Exercise requirements
Copying rule for the data below: pictures stay out, and only the lines from the one with "援圭亚那中国医疗队队员与当地卫生人员合影。第21批援圭亚那中国医疗队供图" down to the one with "Begini Aktivitas Babinsa", inclusive, are repeated exactly.

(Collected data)

+ + + + + + +

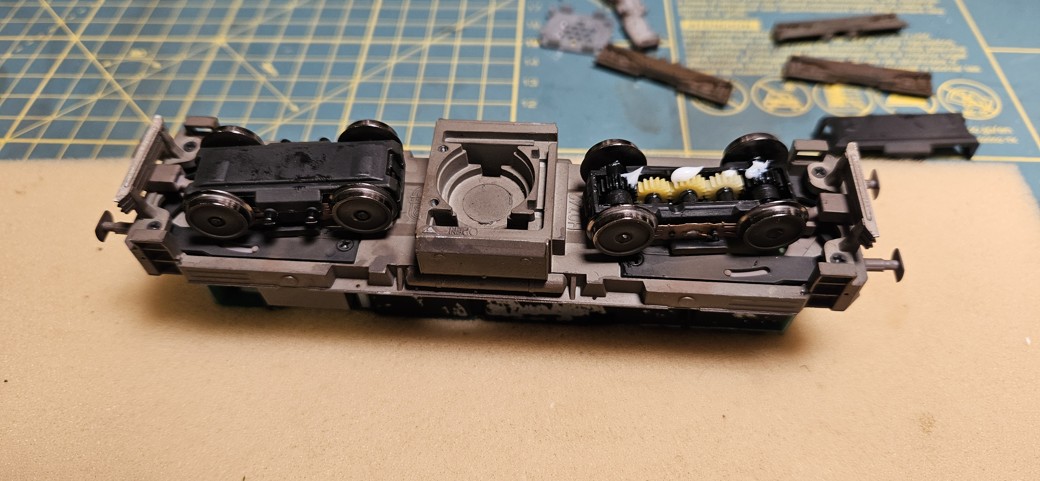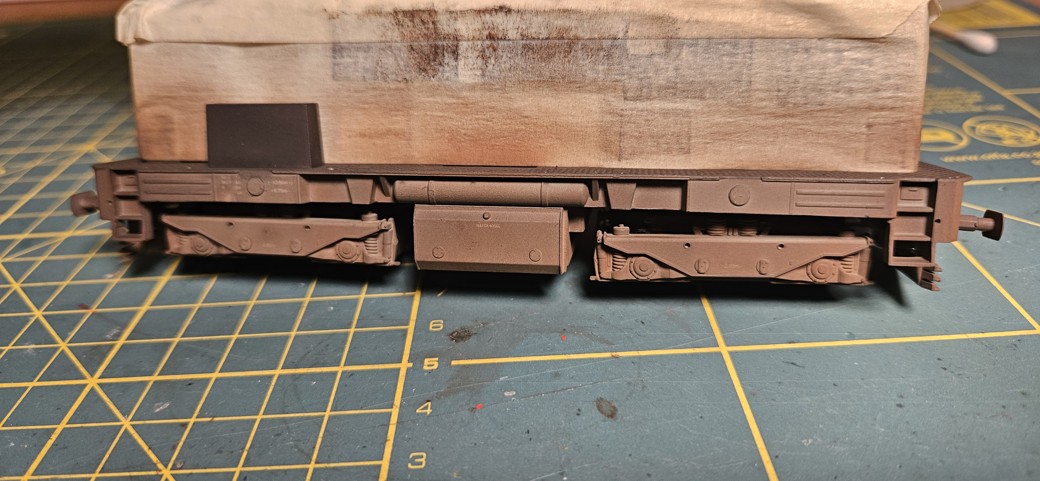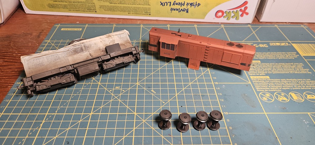 Následovala sborka, při které jsem rovnou navazelínoval ozubená kolečka. Ale po postavení na kolejiště nastal třetí problém. Byť jsem po nástřiku dvojkolí obruče otřel, při stříkání modelu jsem zjevně nastříkal i sběrné plíšky a model vůbec nechtěl jet. Musel jsem ho tedy znovu rozebrat a pracně čistit. Doporučuji tomu předcházet.
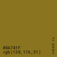 Цвет #8A741F в цветовой модели RGB обозначается тремя октетами (138, 116, 31) в десятичном формате и #8A741F в шестнадцатиричном (hex) формате, которые являются интенсивностью красного 138 (hex 8A), интенсивность зелёного 116 (hex 74) и интенсивность синего 31 (hex 1F).
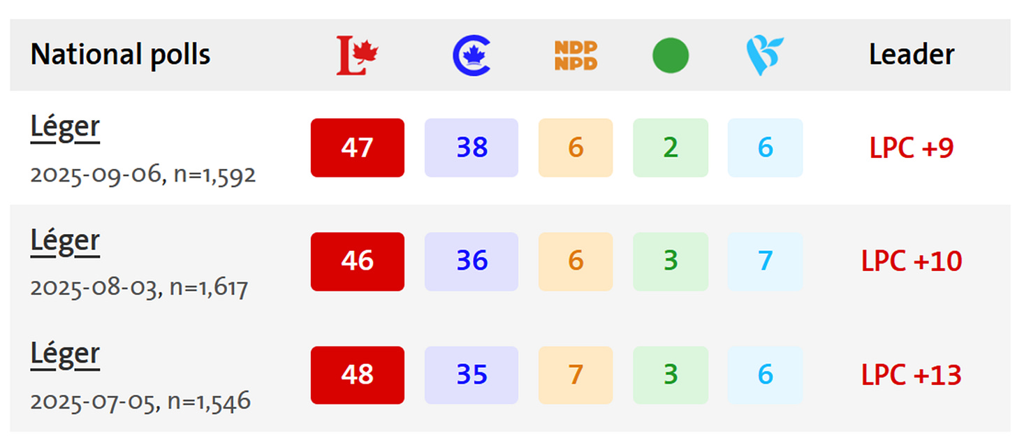 According to Léger (fielded September 5–7, n=1,592), the Carney Liberals stand at 47% (+1 since August), while the Conservatives trail at 38% (+2).
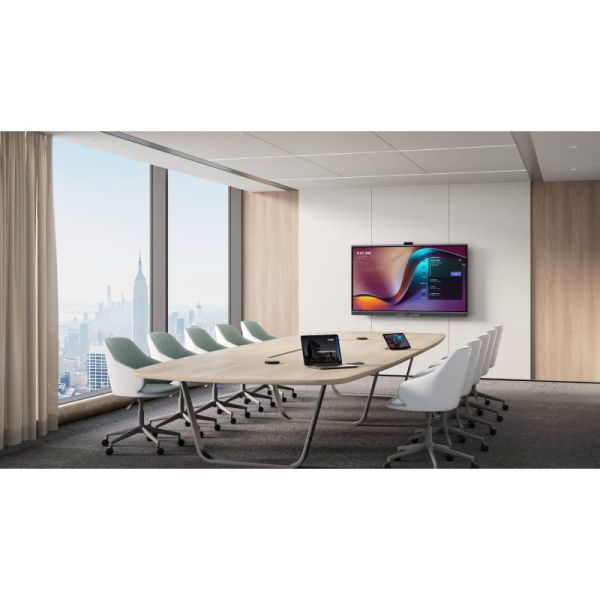 Das Display verfügt über einen 65-Zoll-4K-PCAP-Touchscreen mit UHD-Auflösung und Anti-Glare-Beschichtung. Es verfügt über eine integrierte 4K-Kamera mit KI-gestütztem Auto Framing und Speaker Tracking. Integrierte Stereolautsprecher und ein 16-Mikrofon-Array sorgen für eine klare Kommunikation für alle Teilnehmer.
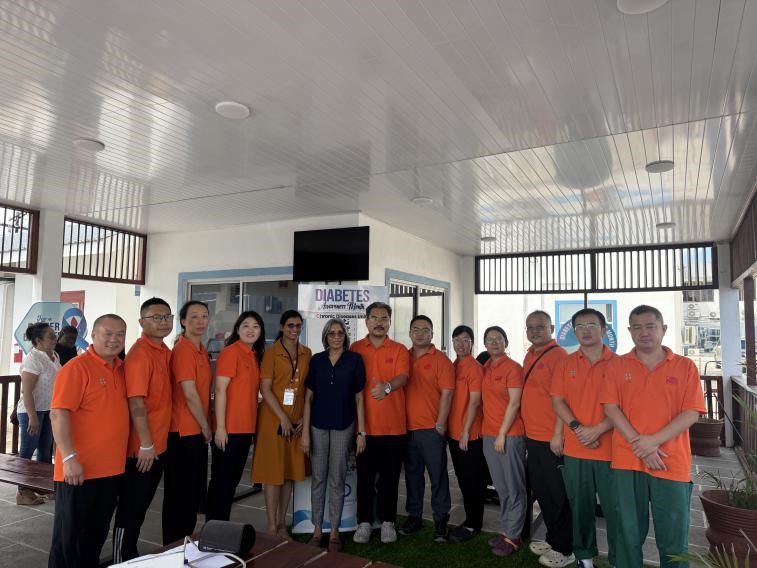 援圭亚那中国医疗队队员与当地卫生人员合影。第21批援圭亚那中国医疗队供图
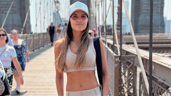 Desde el Brooklyn Bridge en Nueva York, Estados Unidos, la novia de Julián Álvarez se lució con un equipo de dos piezas en tonos beige: top, minifalda y cap.
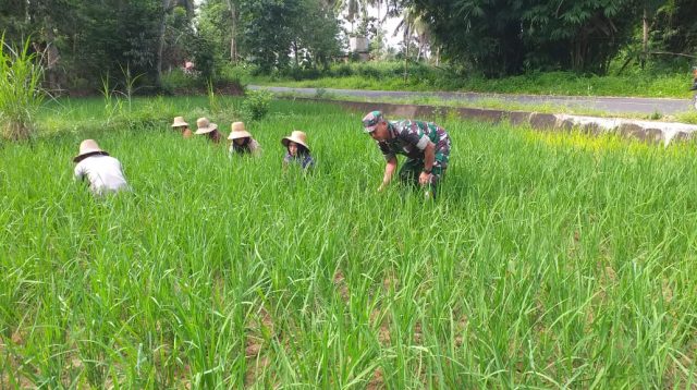 Begini Aktivitas Babinsa di Sawah Saat Menyiangi Gulma
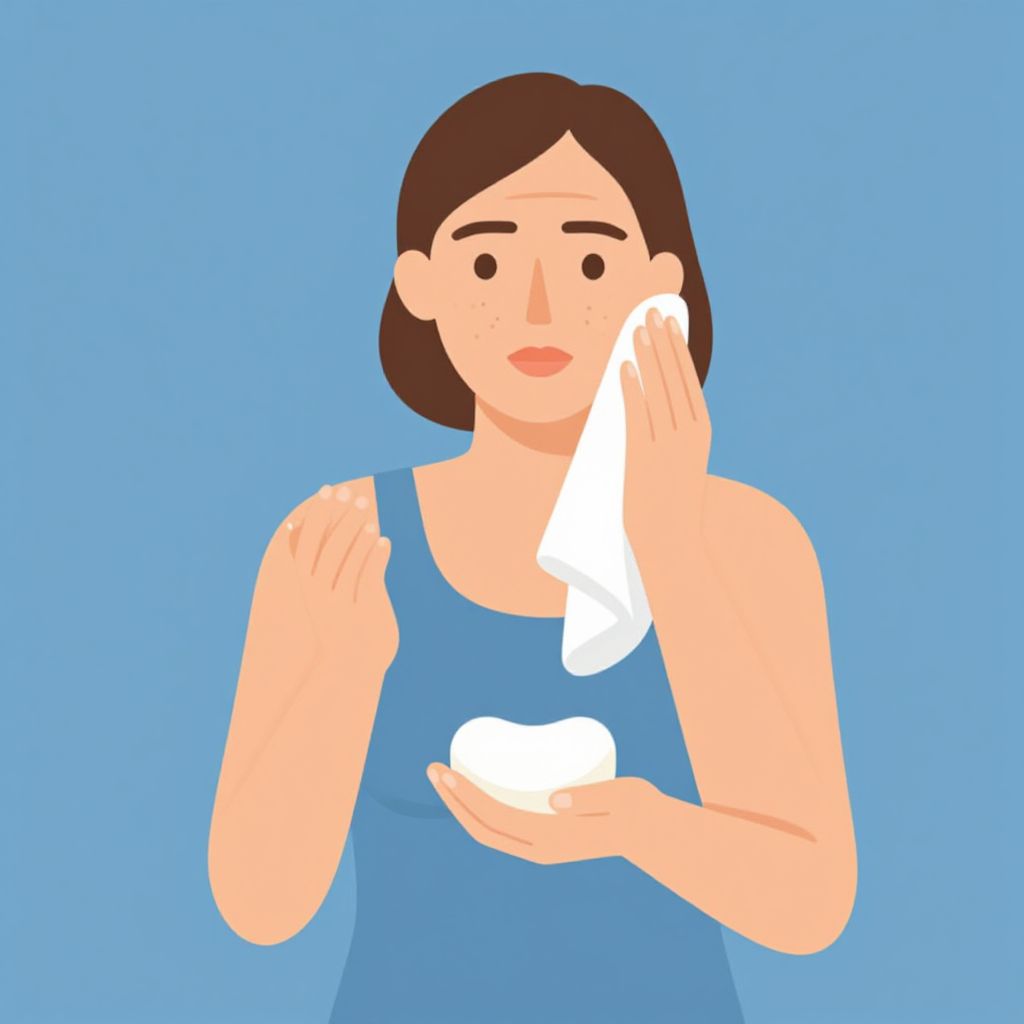 Digital illustration of a light-skinned woman with short brown hair, wearing a blue sleeveless top. She is applying a white, soapy cloth to her right cheek with her right hand, while holding another soapy cloth in her left hand. The background is a solid light blue. Her expression is neutral with slightly raised eyebrows. The style is simple and cartoon-like, with flat colors and minimal shading. Her freckled face and the soapy texture are clearly depicted.
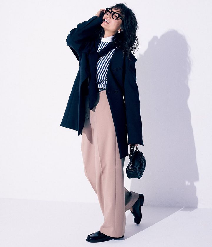 ワイドパンツ¥14,000(プラステ)ジャケット¥154,000(エストネーション)ストライプシャツ¥53,900(セブリン/アマン)肩がけしたニット¥29,700(スローン/ザ ショップ スローン 新静岡セノバ店)バッグ¥157,300(ピエール アルディ/ピエール アルディ 東京)ローファー¥156,200(J.M. WESTON/ジェイエムウエストン 青山店)メガネ¥49,500(モスコット/モスコット トウキョウ)ピアス¥5,400(アビステ)
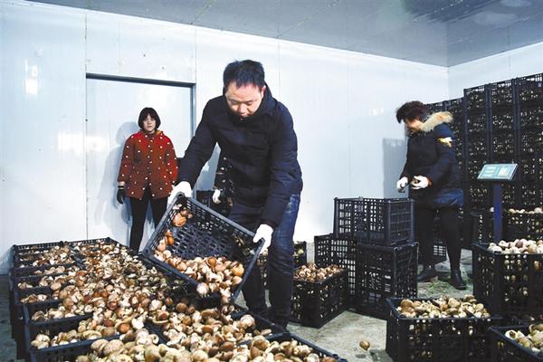 在河南省鲁山县瓦屋镇土桥村,村民们在冷库内整理香菇(1月13日摄)。
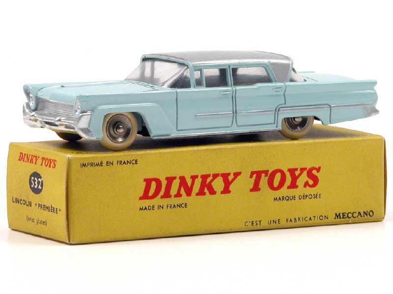 DINKY TOYS (FRANCE) 532 LINCOLN PREMIERE (version avec jantes concaves) bleu ciel, toit gris métal
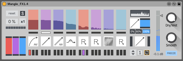 | Description: | The Mangle FX takes any incoming audio and mangles it through a tempo-synced multi-effect sequencer and Send controller. This has the same functions as the Manglerack, with extra control for the Sends, Wet/Dry amount and Freeze mode. Fine controls allow all out randomised chaos or subtle glitching effects. Smooth eases in and out with each section of playback if necessary to avoid clicks. Video Demo - https://vimeo.com/212237032 v1.52 - Small update to fix a minor bug with Sends sequencer. v1.51 - Completely redesigned preset system. Now saves everything without writing to the undo history. v1.4 - Live 10 compatible. Volume drop after certain modes fixed. v1.2 - The Sends controller can now be turned off for anyone who prefers to automate or have live control of the sends |
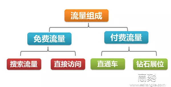 图d:将流量结构按照免费与付费拆解,再深一步细分,对流量成分更全更细的拆解(其实还可以分更细,此处以思路为重点就暂不展开
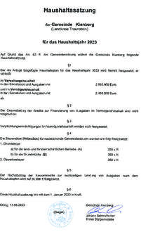 „Die Gemeinde Kienberg hat die Haushaltssatzung für das Haushaltsjahr 2023 am 09.03.2023 beschlossen. Mit Schreiben vom 07.06.2023 hat das Landratsamt Traunstein diese Haushaltssatzung nebst Anlagen geprüft und fachaufsichtlich ohne Einwendungen gewürdigt. Die Haushaltssatzung samt ihren Anlagen wird bis zur nächsten amtlichen Bekanntmachung einer Haushaltssatzung in der Geschäftsstelle der Verwaltungsgemeinschaft Obing, Kienberger Straße 5 (Zimmer E.05) innerhalb der Geschäftsstunden aufgelegt.“

+ + + + + + +

Written response
 援圭亚那中国医疗队队员与当地卫生人员合影。第21批援圭亚那中国医疗队供图
 Desde el Brooklyn Bridge en Nueva York, Estados Unidos, la novia de Julián Álvarez se lució con un equipo de dos piezas en tonos beige: top, minifalda y cap.
 Begini Aktivitas Babinsa di Sawah Saat Menyiangi Gulma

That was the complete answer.